…We got the call. We waited with nervous excitement mixed with bittersweet sadness. We kissed our sweet baby girl goodbye as a team of doctors and nurses carefully rolled her down the halls of the ICU at BC Children’s into the OR. Two years have gone by and sometimes it feels like a lifetime has passed, sometimes it’s as if time has stood still. Every day we have had with Addison since then has been a gift.
There are moments when life is so normal, I forget just how far we’ve come in the past two years. Even being able to say that is pretty freaking amazing considering where we were on May 7, 2011. And actually, there is a lot more normal in our “new normal” than I ever thought possible. Every now and then, I dare to dream way down the road in the future. They are just brief bubbles of hope that dissipate quickly, but they are there. Then there are those moments when I am overwhelmed with emotion as I laugh at something silly Addison has said or done. My heart melts a little bit every time she gives me a big hug or says, “Wuv you!” I am just in awe that this is my brave and beautiful daughter who fought her way back from the brink of death. Then I am filled with a rush of gratitude and profound sadness for baby Audrey’s family.
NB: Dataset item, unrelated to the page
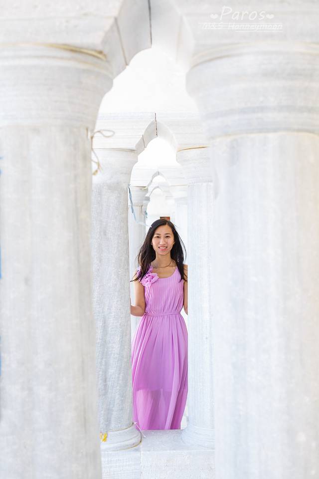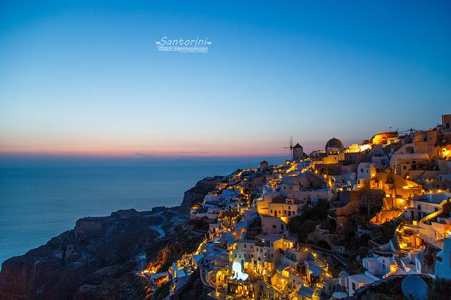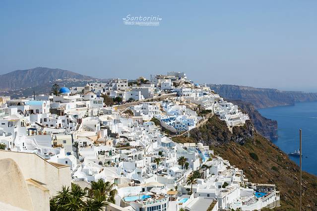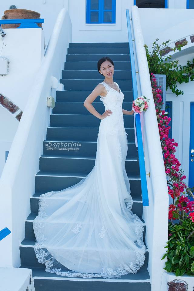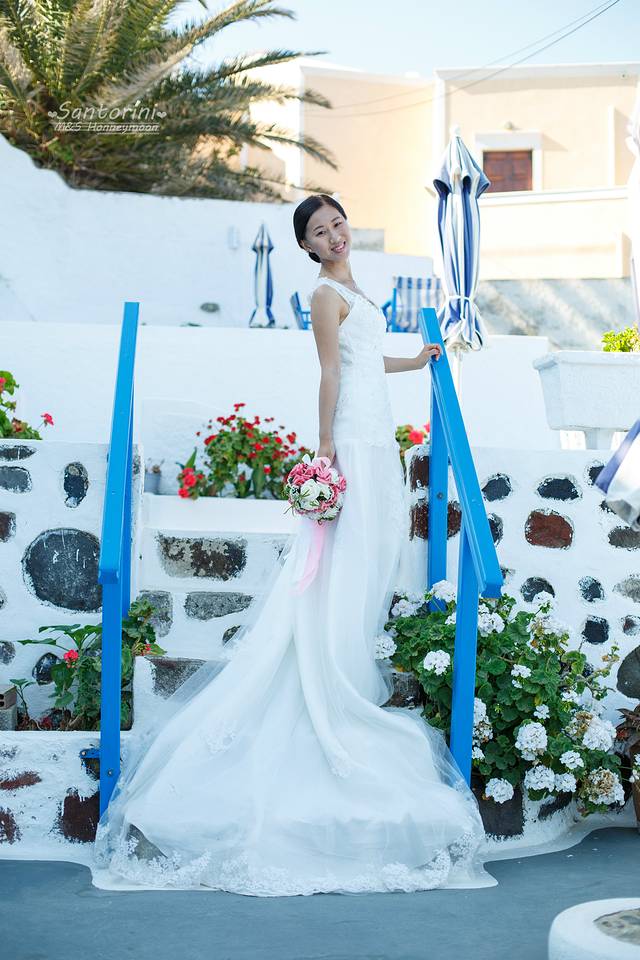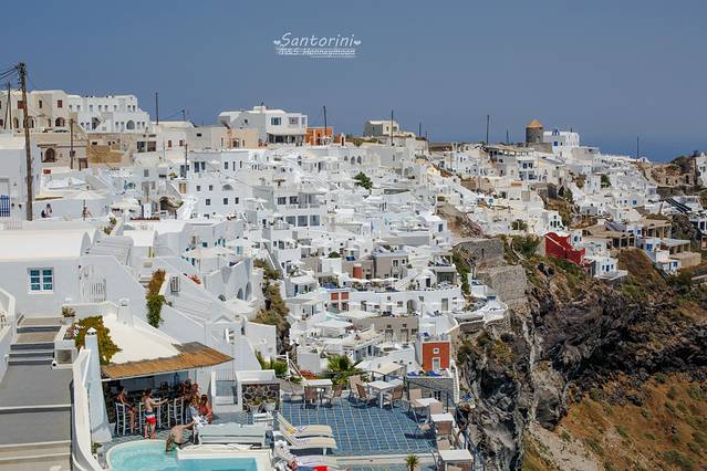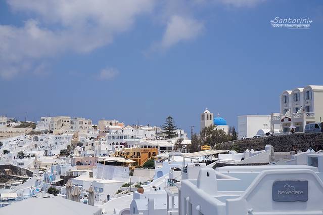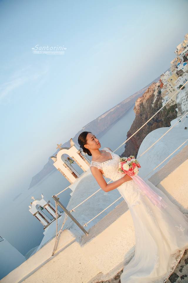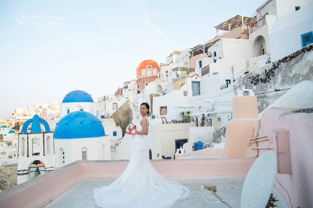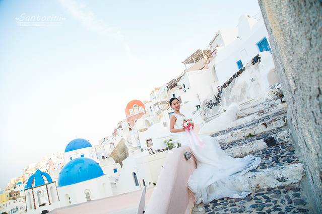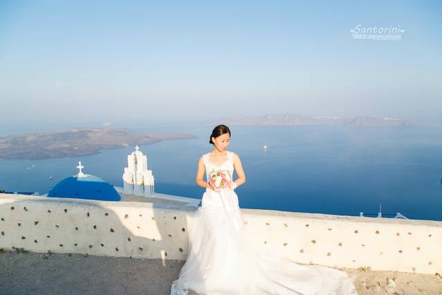 圣托里尼是个很适合拍摄婚纱照的地方,高高的悬崖,深蓝色的海水,洁白的房子,圣洁的蓝顶教堂,美丽而不失浪漫,来此度蜜月的小夫妻千万别错过机会,拍摄一套美美的旅行婚纱照留作纪念吧!!我们没有选择找当地摄影师拍摄,而是决定自带婚纱和道具,利用自有的摄影器材,拍摄一套属于我们自己的蜜月婚纱照,虽然拍摄过程很辛苦,但却非常有意义。

It was late at night when Addison was wheeled away for her surgery. The heart transplant actually took place in the early hours of May 8, 2011 – my first Mother’s Day. This weekend, we are celebrating my third Mother’s Day in true McYong fashion…by heading off on another family vacation, making more of those “forever memories”.
In the end, it’s not going to matter how many breaths you took, but how many moments took your breath away.